Em 1993 os tribunais canadianos haviam decidido ilegalizar a morte medicamente assistida, mesmo para doentes terminais. A decisão surgiu após uma paciente que sofria de esclerose lateral amiotrófica, Sue Rodriguez, ter pedido o direito ao suicídio assistido, tendo sido marginalmente negado em votação no tribunal. No entanto, a luta pelo direito à morte medicamente assistida continuou, e mais recentemente outras duas pacientes com doenças terminais, Kathleen Carter e Gloria Taylor, voltaram a levar o tema a tribunal. Esta sexta-feira o Supremo Tribunal canadiano decidiu, de forma unânime, que os cidadãos desse país têm o direito a requerer esta prática. Todavia, a jurisdição estará ainda suspensa por cerca de 12 meses, de modo que a que as instituições e leis relevantes possam ser adaptadas a esta nova realidade.
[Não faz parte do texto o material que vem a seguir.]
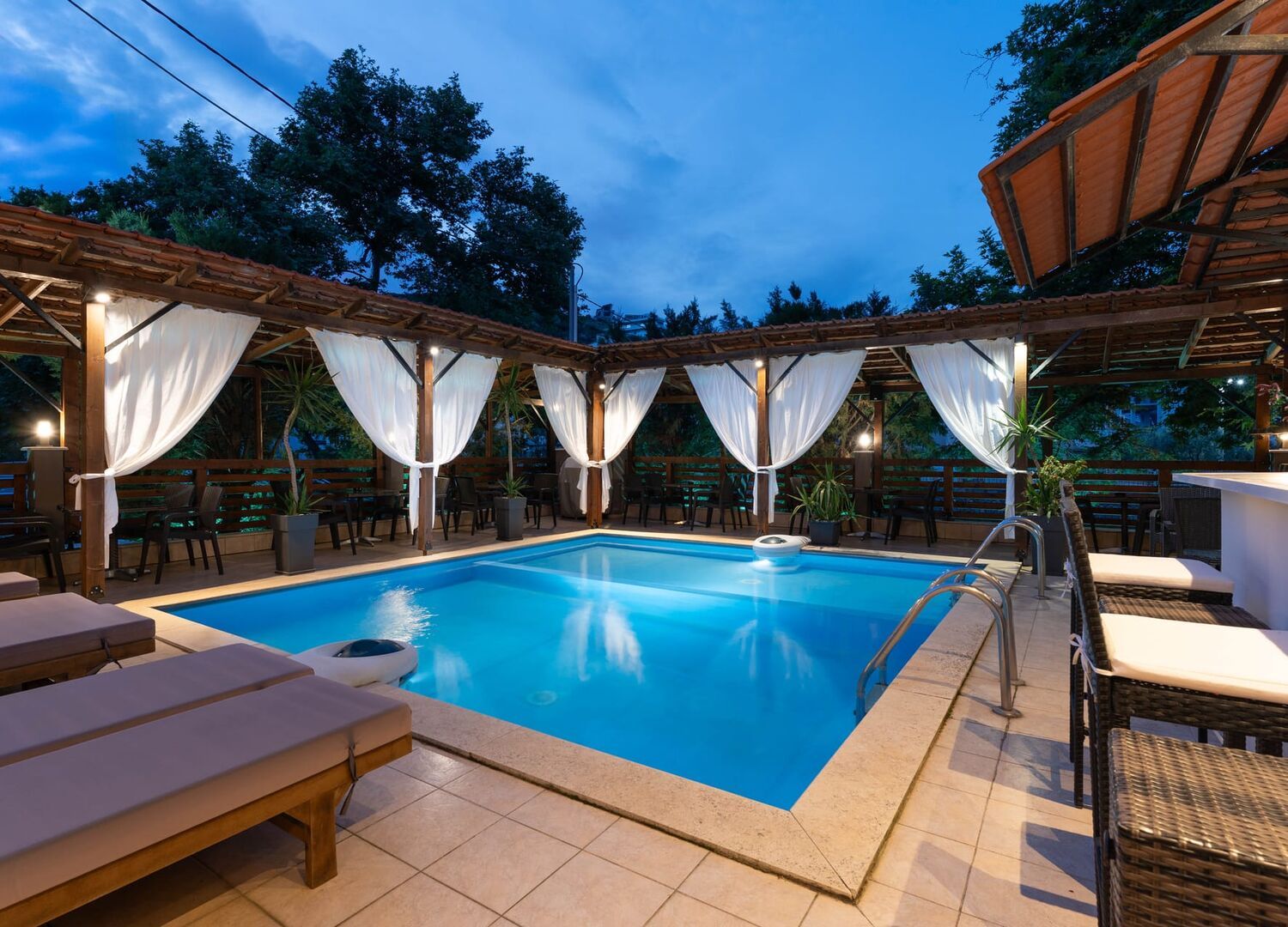A breakfast is served daily in the rooms and includes juice, jams, yogurt, honey and fresh eggs. Guests can also enjoy a drink at the hotel’s bar by the pool.
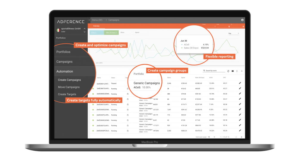 ADFERENCE provides powerful PPC optimization for Amazon Advertising. ADFERENCE’s innovative PPC solution empowers advertisers to automatically create granular campaigns and to place the right bids for millions of products and keywords. We make the most of your campaigns on Amazon by using scientifically developed machine learning algorithms, bringing a complex set of factors together in an ideal campaign setup. Your gain: Better performance and less manual effort in optimizing your campaigns.

A lógica por detrás da decisão, para lá dos constantes apelos, relaciona-se também com a noção de que não apenas os indivíduos que requerem a morte medicamente assistida estarão, portanto, a sofrer de uma condição médica irreversível e causadora de grande sofrimento, mas que estarão, igualmente, em perfeitas condições mentais para tomarem essa mesma decisão.
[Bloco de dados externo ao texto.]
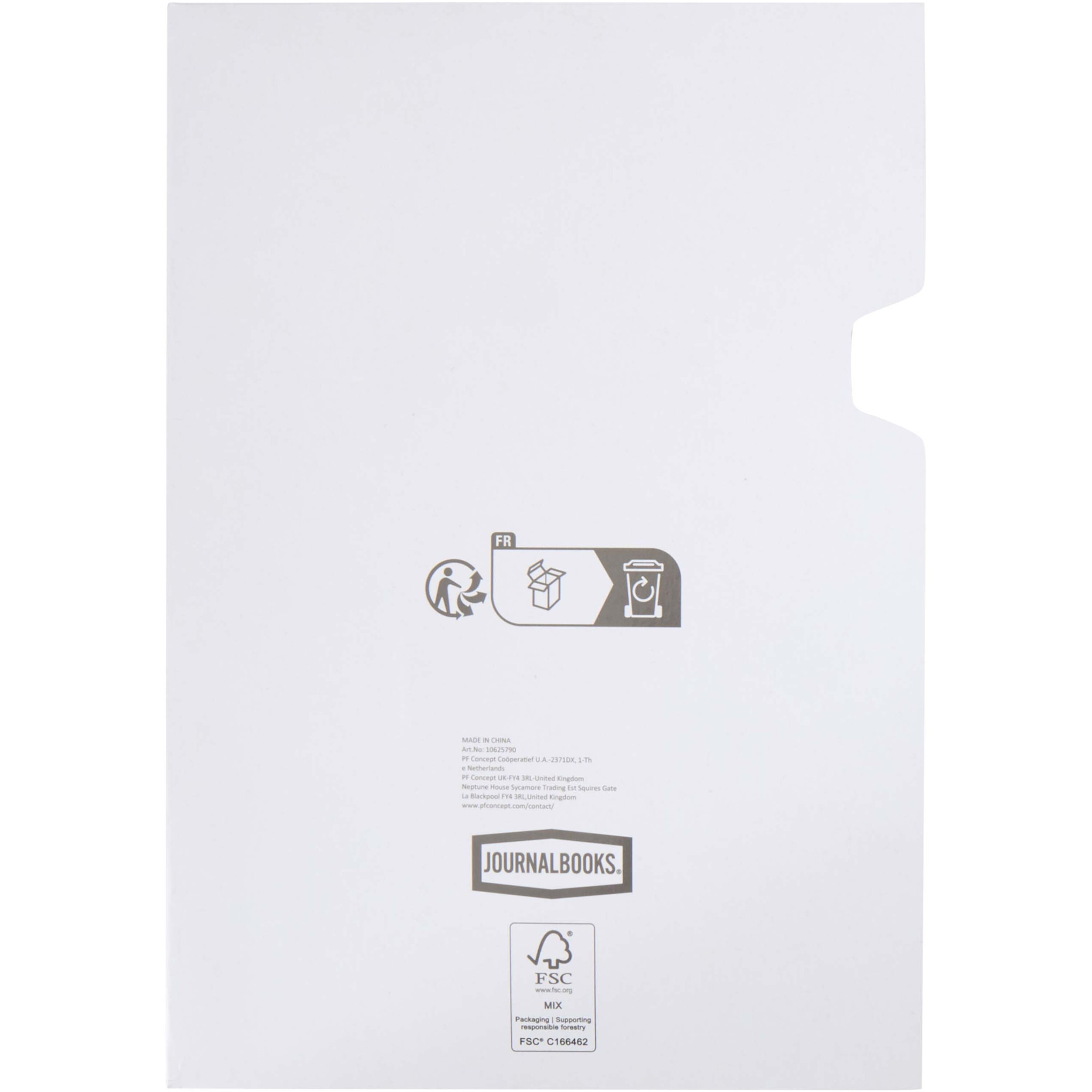 Alder A5 piezīmju grāmatiņa ir izgatavota no pārstrādātas, ādai līdzīgas plastmasas un ietver 192 loksnes 80 g/m² krēmkrāsas papīra ar ikdienas plānotāja izkārtojumu, kas ir ideāli piemērots dienasgrāmatas veidošanai un kārtības uzturēšanai visa gada garumā. Tai ir divas gumijas lentes, trīs grāmatzīmes ar lentīti (melna, sarkana un zila), 200 krāsainas mazas līmlapiņas (40 katrā krāsā) un ērta papīra kabatiņa brīvi novietojamām piezīmēm. Piezīmju grāmatiņai ir iespiests JournalBooks logotips uz aizmugurējā vāka, un tā ir ievietota baltā papīra apvalkā.
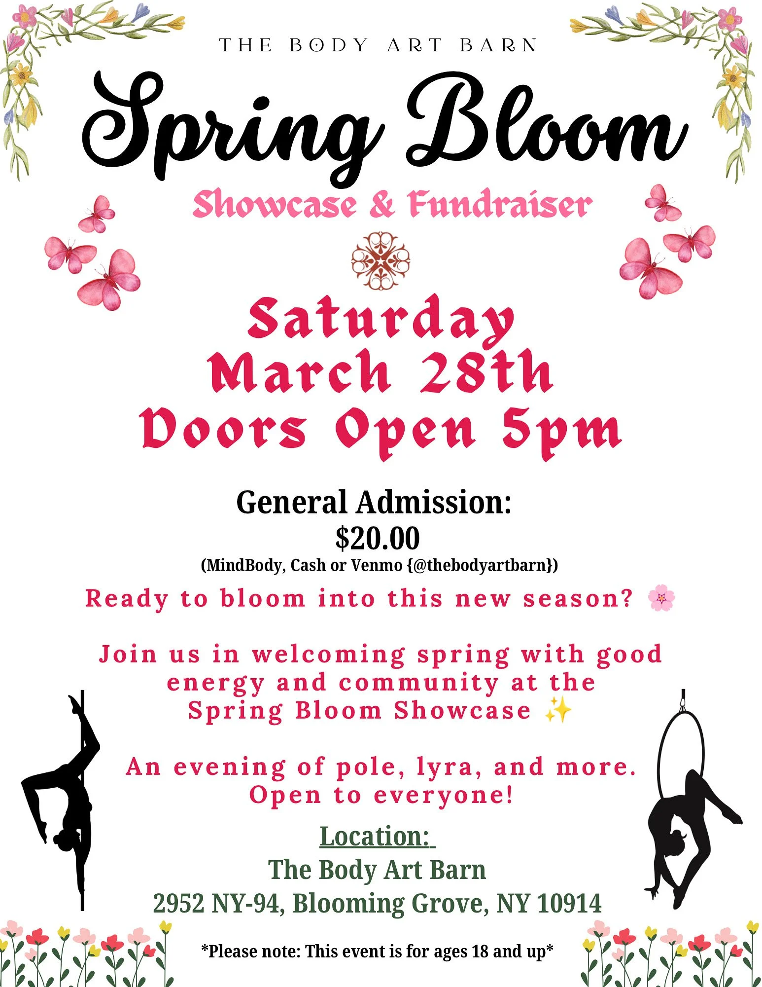 Join us for a night of stunning performances at The Body Art Barn’s Spring Bloom Showcase & Fundraiser 💐
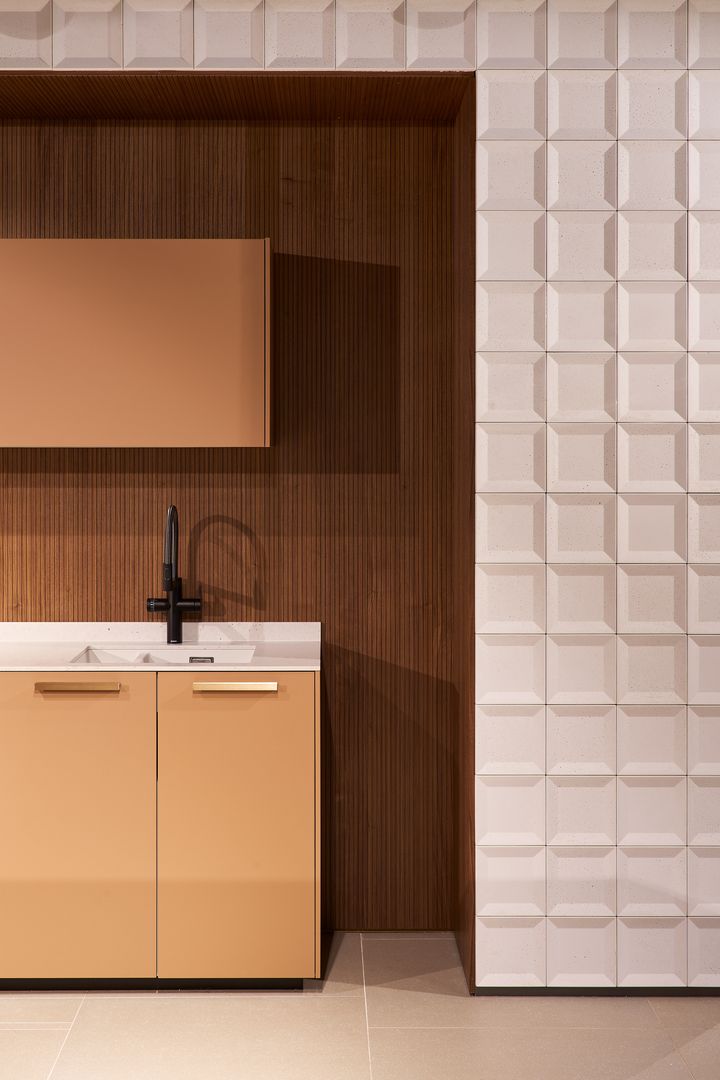 Centrale vormgevingskenmerken, die afhankelijk van de ruimtelijke omstandigheden in de Store kunnen variëren, leiden de blik doelbewust naar het product en creëren een aangename sfeer. De afgeronde scheidingswanden voeren bezoekers intuïtief door de showroom, terwijl geselecteerde wandtegels speciale accenten zetten: driedimensionale betontegels maken indruk met hun uitzonderlijke haptiek en innovatieve uitstraling, terwijl verticaal geplaatste rechthoekige tegels het rasterprincipe op een ordentelijke en heldere manier visualiseren. Wanden met intense kleuren, verlaagde rasterplafonds en verschillende gordijnen creëren een bijzonder ruimtelijk effect en zorgen voor een subtiele zone-indeling. Hoogwaardig meubilair, marketingdisplays en schermen die het merk-DNA van next125 communiceren, ronden het holistische concept op stijlvolle wijze af en ensceneren het merk in zijn totaliteit.

O debate em redor da morte medicamente assistida é já longo e relativamente universal. Por um lado, o ato em si é passível de contradizer as bases do Juramento de Hipócrates feito pelos profissionais de medicina, em que os mesmos se comprometem a curar e salvar vidas, não a terminá-las. Também existe o fator tecnológico, em que os progressos da medicina podem levar a avanços nas áreas em questão, e a capacidade de manter alguém vivo pode ajudar a que eventualmente desfrute dos mesmos. No entanto, o facto é que muitos dos pacientes que requerem esta prática se encontram a sofrer de doenças degenerativas em muitos casos incuráveis, e que causam um grande sofrimento, não apenas colocando em causa a qualidade de vida dos pacientes, mas também daqueles em seu redor. Alguns pacientes perdem inclusive a a capacidade de efetuar pequenas ações do dia-a-dia, por mais triviais que pareçam. Nesta perspetiva, poder-se-ia dizer que esta seria uma prática para colocar fim ao sofrimento desnecessário, uma racionalização que tem eco em toda a história da humanidade.
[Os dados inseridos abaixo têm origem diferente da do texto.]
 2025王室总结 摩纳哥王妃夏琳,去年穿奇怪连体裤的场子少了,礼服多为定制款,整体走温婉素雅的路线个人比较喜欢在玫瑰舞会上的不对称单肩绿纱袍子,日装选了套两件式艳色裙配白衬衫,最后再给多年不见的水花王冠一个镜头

Em todo o caso, diversos países europeus, nomeadamente a Bélgica, a Holanda e a Suíça, já legalizaram a morte medicamente assistida, com diversos outros países a terem leis que apoiam a mesma em certas condições. O mesmo sucede em alguns estados dos EUA. Aliás, Kathleen Carter, de 89 anos e que sofria de estenose espinal, viajou com a família para a Suíça em 2010 a fim de efetuar o suicídio assistido. Gloria Taylor, que como Sue Rodriguez, sofria de esclerose lateral amiotrófica, morreu de uma infeção relacionada com a doença em 2012. Em Portugal esta prática é geralmente penalizada e não prevista na lei como ato médico.